> **What is needed**
From the line with "能登島大橋(軽量プルパーカー/正面デザイン/白色)" to the line with "9月12日晚,2019级军训", retype every line exactly, including those two, and leave out the rest of the data below.

> **Supplied data**
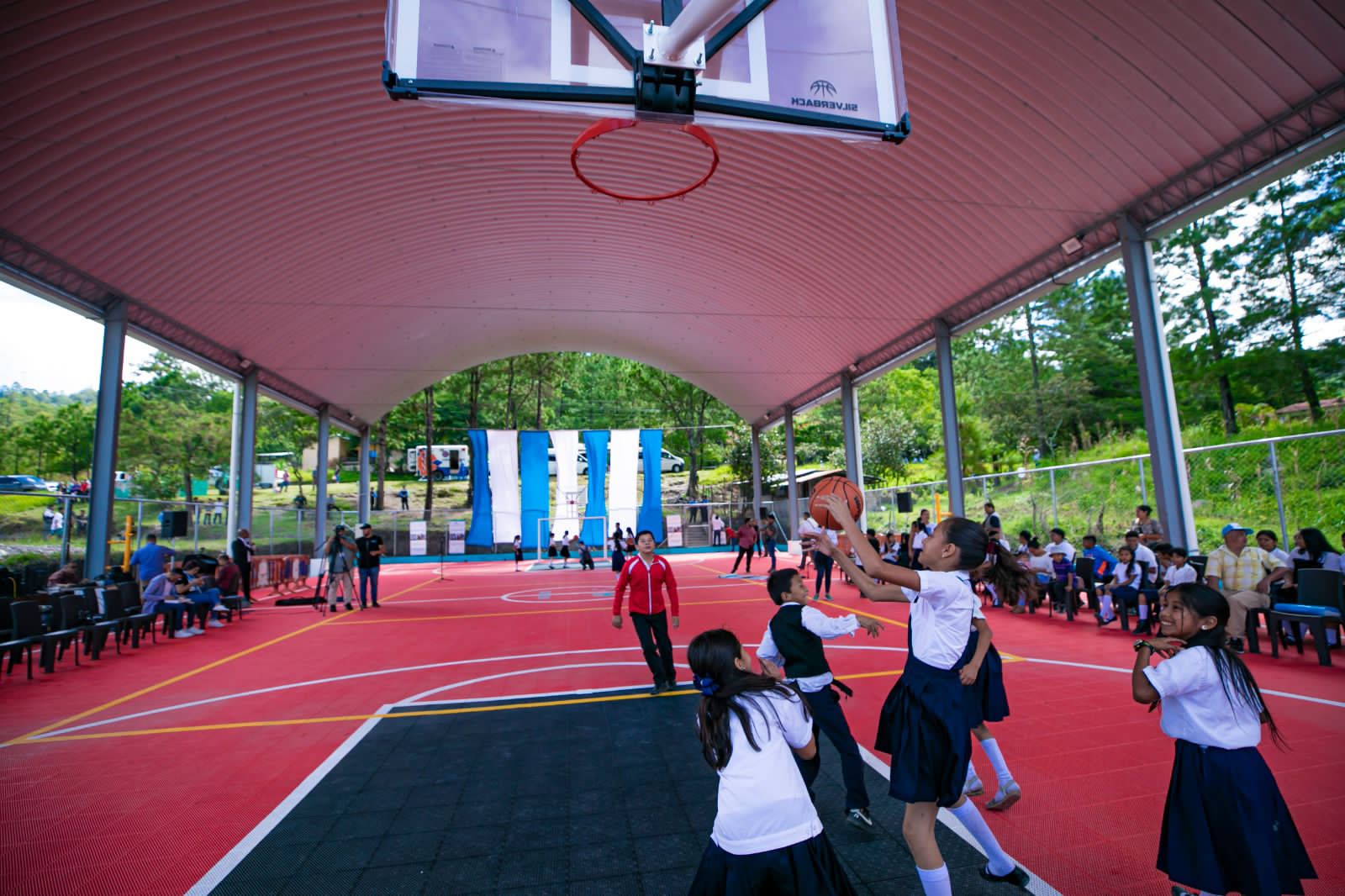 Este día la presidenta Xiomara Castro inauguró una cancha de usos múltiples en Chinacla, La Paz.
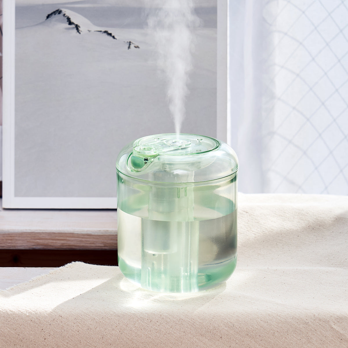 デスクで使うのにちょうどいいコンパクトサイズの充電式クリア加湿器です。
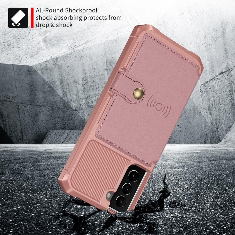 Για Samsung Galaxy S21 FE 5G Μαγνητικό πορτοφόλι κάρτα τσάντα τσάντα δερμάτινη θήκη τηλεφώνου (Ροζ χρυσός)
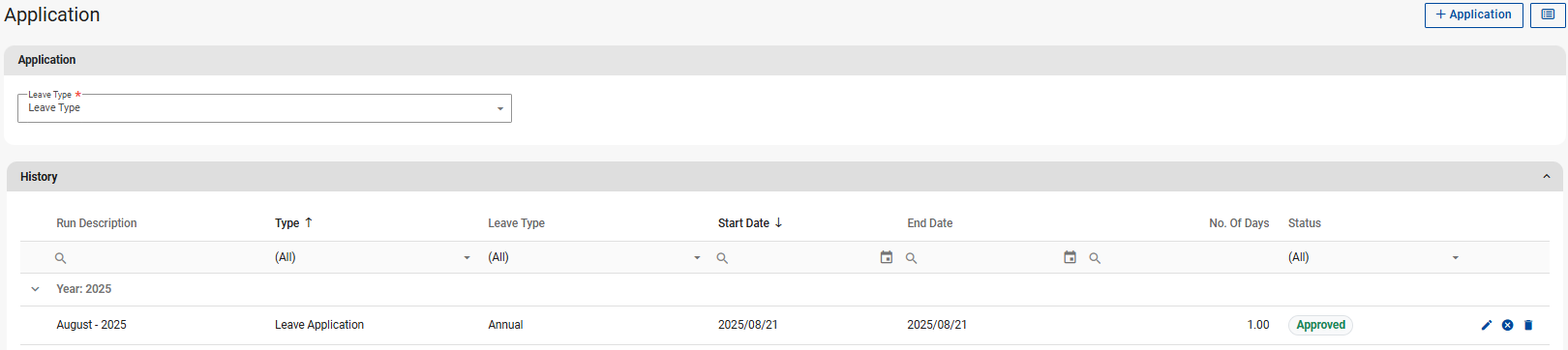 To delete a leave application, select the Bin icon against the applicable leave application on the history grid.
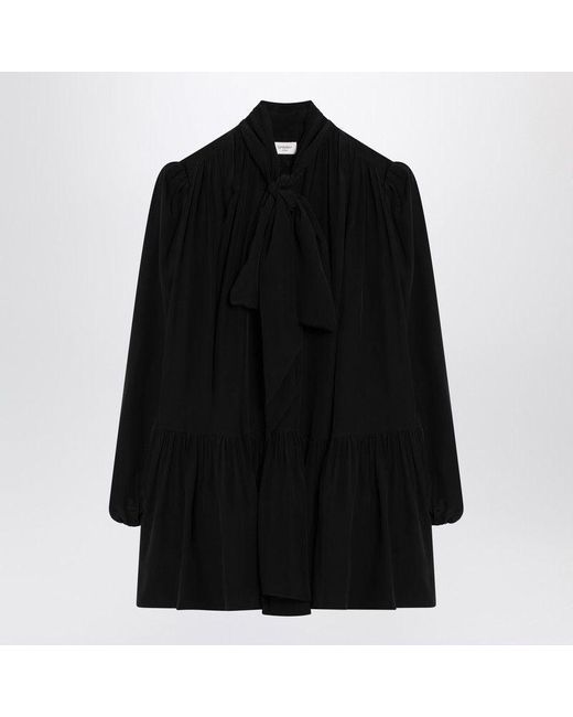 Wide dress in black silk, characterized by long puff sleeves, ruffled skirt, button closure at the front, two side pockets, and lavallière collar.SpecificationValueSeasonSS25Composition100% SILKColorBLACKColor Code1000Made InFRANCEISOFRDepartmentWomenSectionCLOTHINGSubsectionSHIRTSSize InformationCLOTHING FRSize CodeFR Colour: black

...

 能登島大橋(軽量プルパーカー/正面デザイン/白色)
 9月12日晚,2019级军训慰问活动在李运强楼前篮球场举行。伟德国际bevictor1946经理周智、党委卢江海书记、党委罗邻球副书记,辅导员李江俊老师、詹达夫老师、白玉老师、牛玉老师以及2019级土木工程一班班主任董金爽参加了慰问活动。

> **Solution to this exercise**
 能登島大橋(軽量プルパーカー/正面デザイン/白色)
 9月12日晚,2019级军训慰问活动在李运强楼前篮球场举行。伟德国际bevictor1946经理周智、党委卢江海书记、党委罗邻球副书记,辅导员李江俊老师、詹达夫老师、白玉老师、牛玉老师以及2019级土木工程一班班主任董金爽参加了慰问活动。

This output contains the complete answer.